Séance du séminaire Anthropologie et santé mondiale
Invitée : Duana Fullwiley, Stanford University, USA
Large-scale genomic databases that provide DNA and tissues from many different global populations increasingly provide valuable sources of medical, pharmaceutical and forensic information. The resultant products, discoveries and raw materials hold the promise for numerous innovations. These possibilities, in turn, raise issues of who profits from DNA databases and on what scale? How will benefits be shared, and do individuals, families and populations truly understand what can be done with DNA in the genomic age? Lastly, how has genomics shifted ideas and practices around global public health? Scientists the world over understand that African populations are highly desired in genomic research because of the vast amount of genetic diversity among and between African peoples. The Human Health and Heredity Project (H3Africa) has begun efforts to develop big data genomic research on the continent in several sites on a wide range of ailments and issues that are seen as “local” and affecting Africans. The project was initiated with goals of representing and including Africans in the genomic revolution. It was also launched to develop African genomics, to train African scientists, and to “capacity build” so that DNA samples remain in Africa, rather than being shipped to the US, or Europe.

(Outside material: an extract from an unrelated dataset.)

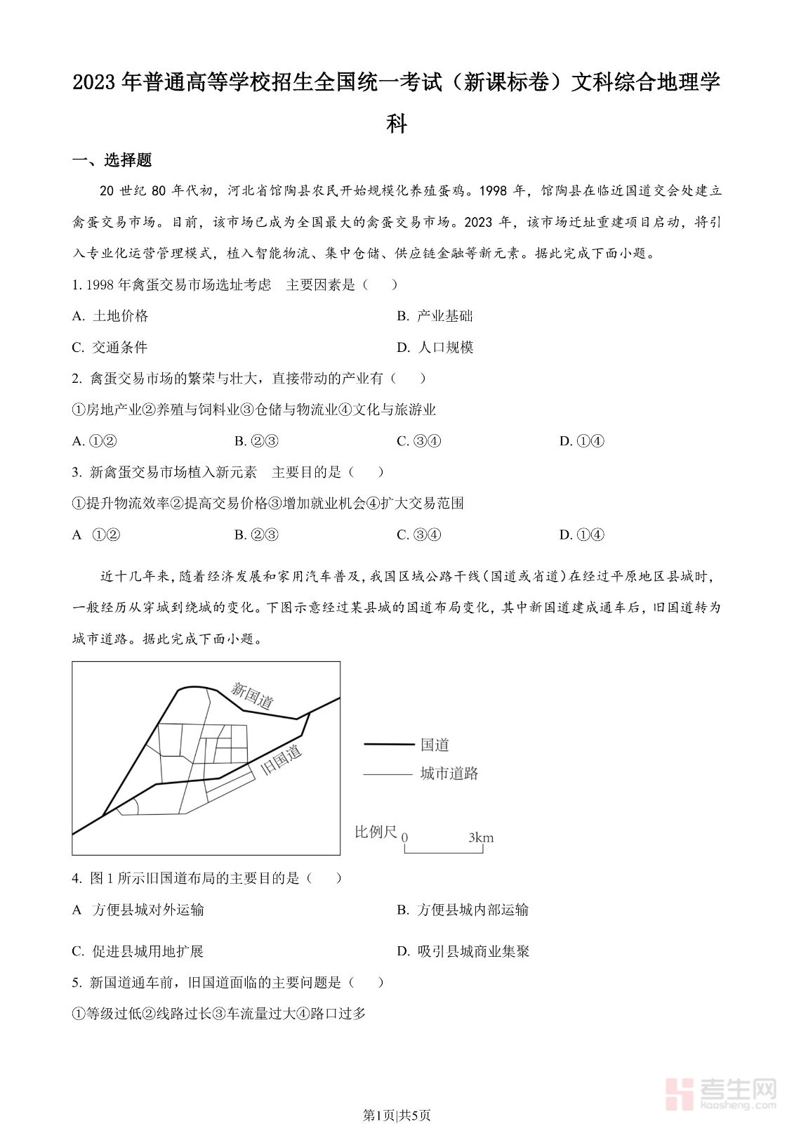 2023年高考地理试卷(全国乙卷)(空白卷)

Yet human medical genomics relies on people to trust in and participate in science. How does this happen in a postcolonial setting where examples of resource extraction abound? How are everyday patients and citizens invited to join such efforts, and what forms of education and informed consent are ethically required of such research in Africa, and elsewhere? This paper will delve into one example of science education, representation, and informed consent that tries to tackle these issues—an Afro-Futuristic comic book called Genome Adventures that was funded by H3Africa.